Hi,
it is the first message that I send to this list, so hello everyone.
I have run into an issue running mapreduce jobs importing data from HDFS
to Phoenix.
We have some long jobs, and for the ones running >24 hours seems they
are running fine even much longer, but eventually the connection to
HBase is closed when we create a new connection to do bookeping task at
the end of the task.
This does not seem to happen on tasks running less than 24 hours.
I have checked a bit the code, and found that
DEFAULT_CLIENT_CONNECTION_CACHE_MAX_DURATION = 86400000, so 24 hours.
But the client can run much more that that, and only fail when creating
a new connection ( when the job commits, to do bookkeeping stuff)

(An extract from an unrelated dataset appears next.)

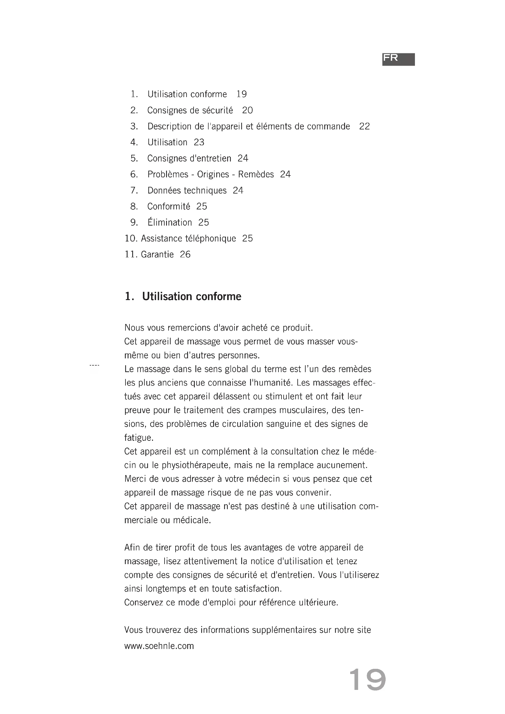 Nous vous remercions d'avoir acheté ce produit. Cet appareil de massage vous permet de vous masser vous- même ou bien d’autres personnes. Le massage dans le sens global du terme est l’un des remèdes les plus anciens que connaisse l'humanité. Les massages effec- tués avec cet appareil délassent ou stimulent et ont fait leur preuve pour le traitement des crampes musculaires, des ten- sions, des problèmes de circulation sanguine et des signes de fatigue. Cet appareil est un complément à la consultation chez le méde- cin ou le physiothérapeute, mais ne la remplace aucunement. Merci de vous adresser à votre médecin si vous pensez que cet appareil de massage risque de ne pas vous convenir. Cet appareil de massage n'est pas destiné à une utilisation com- merciale ou médicale. Afin de tirer profit de tous les avantages de votre appareil de massage, lisez attentivement la notice d'utilisation et tenez compte des consignes de sécurité et d'entretien. Vous l'utiliserez ainsi longtemps et en toute satisfaction. Conservez ce mode d'emploi pour référence ultérieure. Vous trouverez des informations supplémentaires sur notre site www.soehnle.com20

It might have to be that are only evicted when the cache is accessed (
Google Guava Cache implementation), so it can be running correctly in
the background
So what I think it is happening, is that client connections are cached
for up to 24 hours DEFAULT_CLIENT_CONNECTION_CACHE_MAX_DURATION =
86400000) but are only evicted when the cache is accessed ( Google Guava
Cache implementation), so it can be running correctly in the background
until a new connection is created, and then the previous one is evicted
from the cache (closing the connection and possible losing the
uncommitted changes in tha last batch)
My question is, is this something known and that the cache is useful in
some situations, or is this a bug?
So far I have set max value on the cache duration, but I am not sure it
might affect other situations.
Thank you,
Álvaro